» Work instructions:
Your answer should contain only the lines from the top of the data below down through the one with "Aktion der Bad", transcribed exactly and without pictures; please include nothing more.

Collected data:
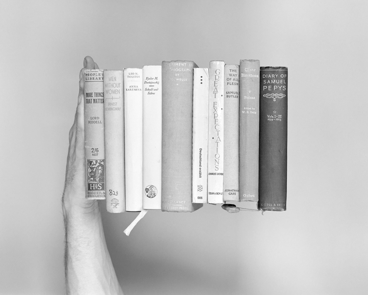 In the image we first encounter on entering the gallery, a set of ten books seem suspended in mid-air (divorced from any domestic setting) with a human hand that holds (or resists) the books, positioned at an improbable angle. The artist has a relationship with these objects but it is a relationship of questions, and absences.
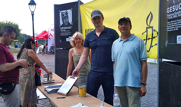 Aktion der Bad Honnefer Gruppe mit dem Bonner Amnesty-Bezirk zum 16. Jahrestag des Massakers von Srebrenica, Juli 2011.
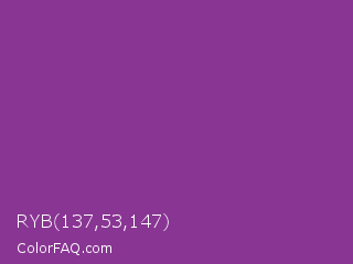 RYB 137,53,147 Color is a normal magenta color and the nearest color is Vivid Violet #803790. Hex code #893593 and RGB value is rgb(137,53,147). In RGB color space, this color is composed of 54% red, 21% green, 58% blue, In CMYK color space, this color is composed of 7% cyan, 64% magenta, 0% yellow , 42% black , In HSL color space, this color has a hue angle of 294° , 47% saturation and 39% lightness.
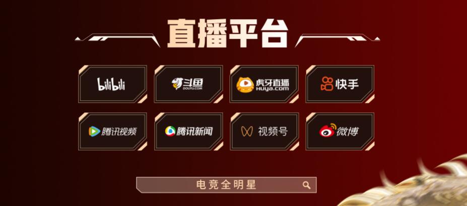 1、電競全明星新年賽直播平臺包括:bilibili、斗魚、虎牙、快手、騰訊視頻、騰訊新聞、視頻號、微博
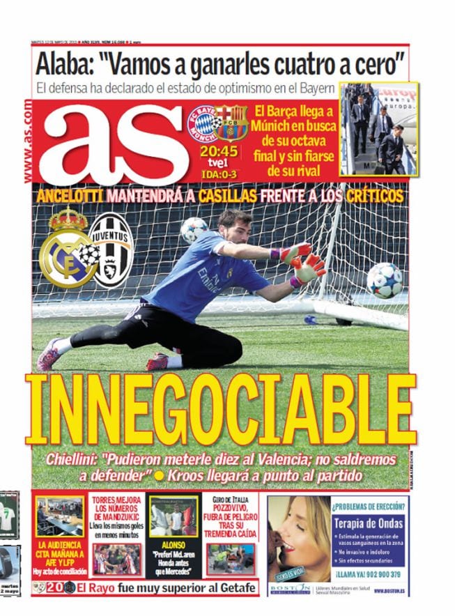 Por lo demás, hay en la portada noticias que son tranquilizantes y otras que se quedan en el intento de serlo. En el último apartado contabilizaremos las cuentas cosmético-proféticas de Alaba en la parte superior. En el de las noticias genuinamente tranquilizadoras, apuntamos la recuperación de Kroos. Lo de Chiellini constatando que el Madrid pudo meterle diez al Valencia es tranquilizador para Chiellini: sigue teniendo dos ojos en la cara.
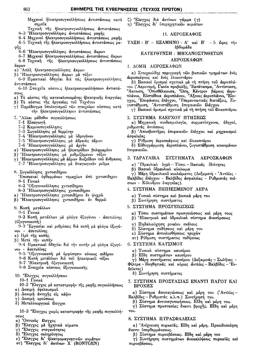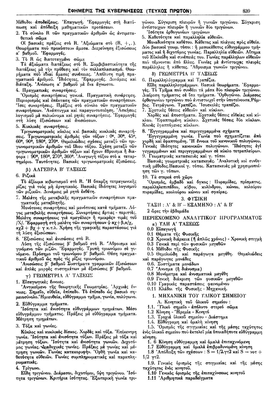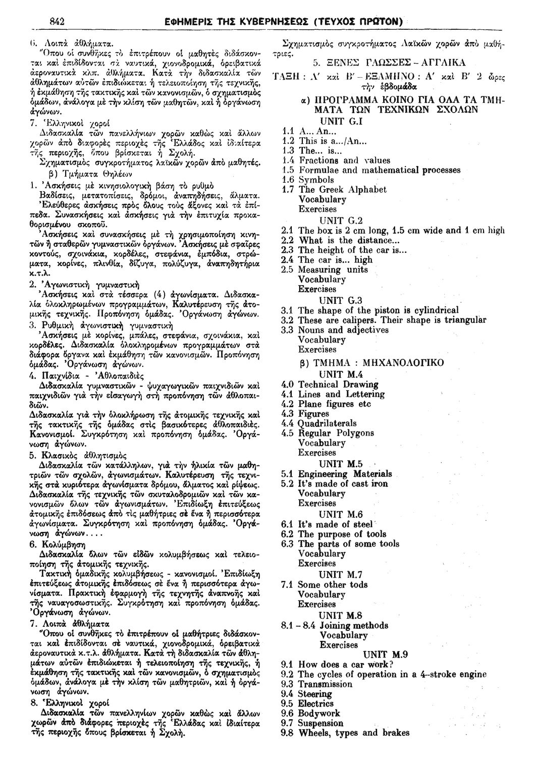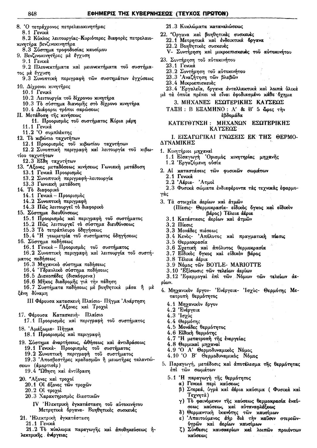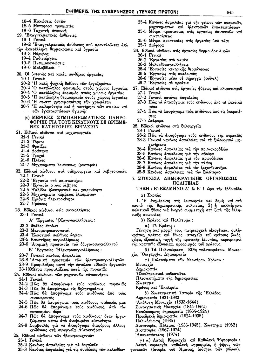 Π.Δ. 293 Περί των Ωρολογίων και Αναλυτικών Προγραμμάτων της Πρώτης (Α') και Δευτέρας (Β') τάξεως των Ημερησίων Μέσων Τεχνικών Σχολών κατά τμήμα
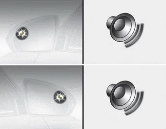 When this alert is activated, the warning light on the outside rearview mirror will also blink.
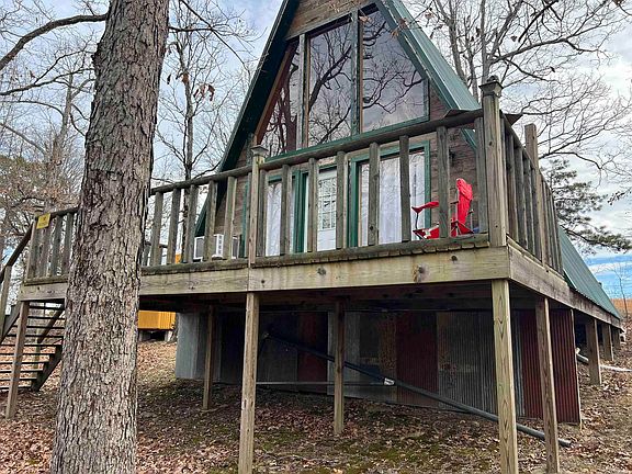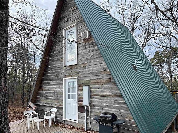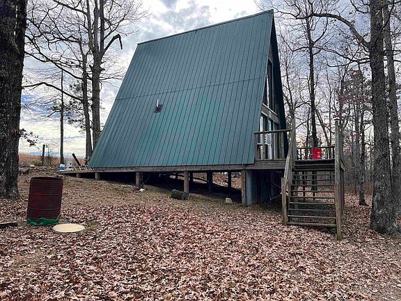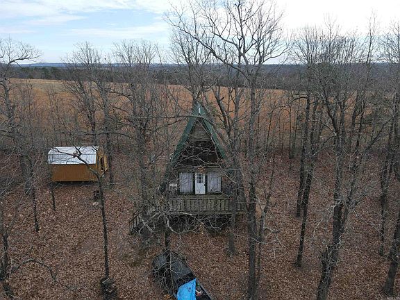 A charming rural retreat in the Oxley community outside of Leslie, Arkansas. It consists of 3.21 surveyed acres, offering a spacious and private environment in a rustic setting. The main structure on the property is a cozy A-Frame cabin, which measures 768 square feet. This cabin exudes a rustic charm and provides a comfortable and quaint living space. It also features a front deck and a back porch, allowing residents to enjoy the serene natural surroundings and take in the beautiful mountain views. These outdoor spaces are ideal for relaxation, entertaining, or simply soaking in the peaceful atmosphere. In addition to the cabin, the property includes a 10 by 16 storage shed, providing ample space for storing outdoor equipment, tools, or other belongings. It's equipped with essential utilities, including a well for water and a 1000-gallon septic system for waste disposal, ensuring a self-contained and comfortable living environment. Inside the cabin, you'll find a kitchen, 1 bedroom and 1 bathroom, providing the basics for comfortable living. Additionally, there is a loft area that has the potential to be converted into a second bedroom by simply adding a closet.

» Solved problem:
 In the image we first encounter on entering the gallery, a set of ten books seem suspended in mid-air (divorced from any domestic setting) with a human hand that holds (or resists) the books, positioned at an improbable angle. The artist has a relationship with these objects but it is a relationship of questions, and absences.
 Aktion der Bad Honnefer Gruppe mit dem Bonner Amnesty-Bezirk zum 16. Jahrestag des Massakers von Srebrenica, Juli 2011.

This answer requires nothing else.